Neighborhoods at Times of Change and Crisis
This workshop aims to explore the theme of “neighbors” and “neighborhood” as a departure point to consider space, identity, coexistence, solidarity, and violence, at times of change and crisis in the Middle East, Africa, and South Asia. Neighborhood as an intimate space with blurred yet shared boundaries in the mental-maps of its residents is home to conflicts over space and time. Its histories, material formations, as well as transformations are both indicative and inductive of micro and macro social phenomena. Historically, as much as recently they are the loci of resistance and political dissidence, but also coexistence of potentially hostile groups. Therefore, envisioning neighborhoods as more than an administrative category would give hints to understand spatial formations of the social and political.
Considering the complexity of the phenomenon, we suggest approaching neighborhoods with an interdisciplinary lens. This workshop, therefore, invites the collaboration of neighboring disciplines, including but not limited to history, geography, anthropology, sociology, political science, and psychology.
In the panels organized around the themes of urban transformation; violence; solidarity, activism, and neighborhood politics; sentiments; and non-human neighbors, the following questions will be addressed:
- How do the legal, politico-economic and social processes that relate to urban transformation affect neighborhoods in the region?
- What kind of neighborhood solidarity initiatives are formed particularly in times of crises like natural disasters, war, mass migration flows and urban transformation?
- What are the responses local residents develop to aid fellow neighbors or to defend their rights to city?
- How do neighborhood politics change in the context of turbulence and how different groups (of class, religion, ethnicity, age, gender and political orientation) clash and cooperate under these circumstances?
- How can we understand violence that takes place in the intimate space of the neighborhoods, directed towards those who are personally known to the perpetrators?
- What are the conflicting claims over land, property, use, time and also memory? How are neighborhoods remembered and reconstructed in the social imaginary in relation to present concerns? What are the political implications of the memory work that is actively carried on in particular neighborhoods?
- How certain affects and sentiments circulate within neighborhoods themselves and around them?
- What kind of gendered regulations and practices shape the use of time and space within neighborhoods?
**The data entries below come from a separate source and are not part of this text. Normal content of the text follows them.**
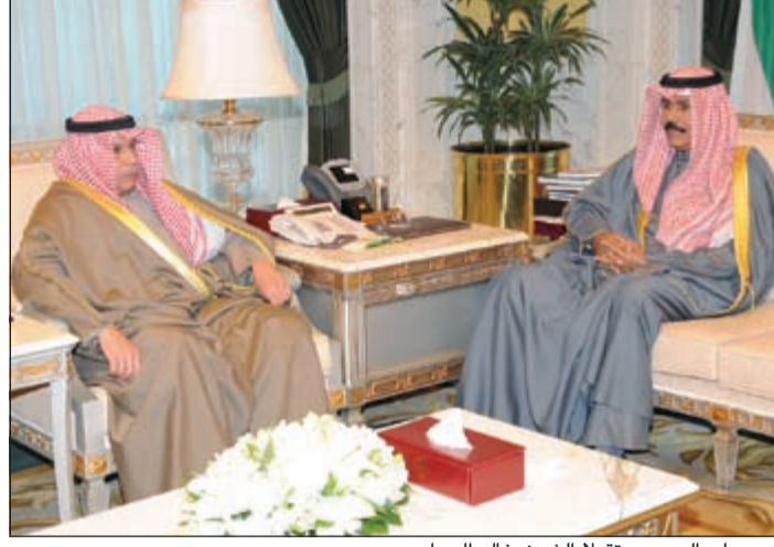
سمو ولي العهد مستقبلاً الشيخ خالد الجراح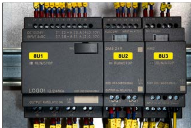
Etiquettes adhésives en application sur un routeur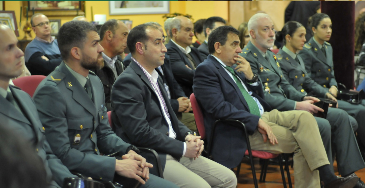
Presentación de los actos del 75 Aniversario de la llegada del Señor a Baeza ▲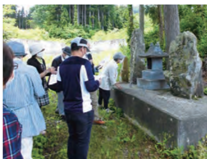
6月に開催した講座の様子。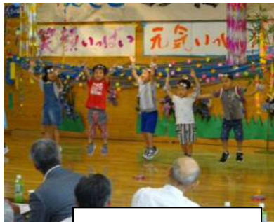
保育園児に激励されて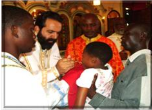
Figure 3 : Cérémonie de baptême à l'église d'Annonciation de la Vierge à Yaoundé présidé par un prêtre orthodoxe grec sous le regard des prélats camerounais.

On comprend alors mieux pourquoi depuis quelques décennies, la nouvelle mission religieuse assignée à ces hommes de Dieu est, de manière globale, de procéder à la propagation de l'orthodoxie dans les quatre coins du Cameroun et en Afrique centrale en vue de développer définitivement la foi orthodoxe auprès des populations africaines (Gregorios, 2009 : 10-15). Pour y parvenir, l'Église Grecque Orthodoxe ne fait pas/plus l'économie de la formation et du recrutement des prêtres africains et notamment camerounais depuis le milieu des années 1980. On assiste ainsi à une « camerounisation » progressive du clergé sous les bons auspices des pasteurs grecs. À preuve, sur la trentaine de prêtres que compte l'Église Orthodoxe Grecque au Cameroun en 2009, 27 sont originaires du Cameroun, ce qui témoigne de la forte présence des pasteurs locaux au sein du clergé orthodoxe dans le pays (Gregorios, 2009 : 10).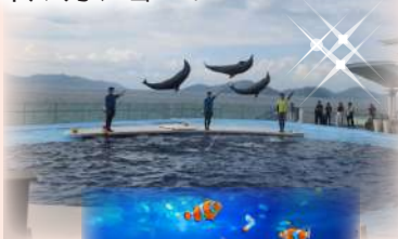
瀬戸内海を望みながら楽しむイルカショー!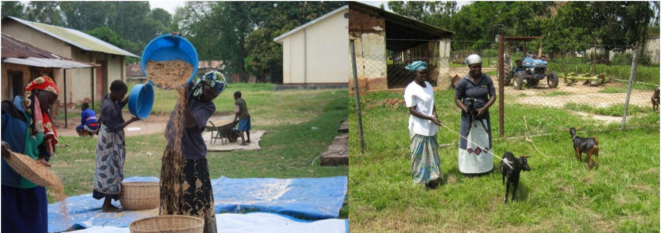
Figura 8: Lavorazione del frumento raccolto e consegna delle capre ai beneficiari

Le condizioni sanitarie dei bovini e dei caprini della Farm sono buone. Essi vengono regolarmente trattati con specifici prodotti veterinari da parte dei lavoratori. Nell'ambito dell'attuazione del programma di miglioramento genetico dei caprini, è stato acquistato presso un'azienda zootecnica di Masaka un becco di razza pura al 100% South African Boer, una razza migliorata sudafricana ben adattata ai climi tropicali e apprezzata per l'elevata resa in carne. Il becco verrà mantenuto in azienda e verrà utilizzato per incrociarsi con le capre indigene della Farm e quelle distribuite ai beneficiari stessi, perfezionando così il programma di distribuzione delle capre già in atto attraverso il sistema del revolving fund.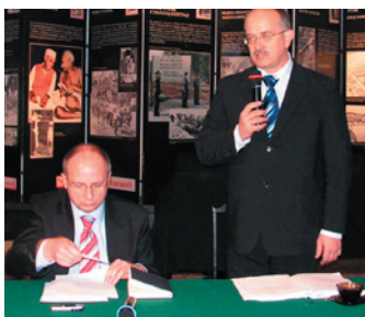
Wiceminister w Dworze Karwacjanów

MIEJSKI BIULETYN INFORMACYJNY NR 2/2008 (171) ISSN 14250829

Or how temporal and spatial formations of neighborhoods develop in relation to gendered practices?
- How do the relations between human and non-human residents respond to these changes?
The deadline for abstract submission is 31 January 2018. The abstracts should be limited to 250 words, and sent to firstname.lastname@example.org or email@example.com, alongside a short CV. The authors of the accepted papers will be notified by 1 March 2018. The organizers of the workshop intend to put together a publication on the subject. Therefore participants are asked to submit their final papers by 15 April 2018.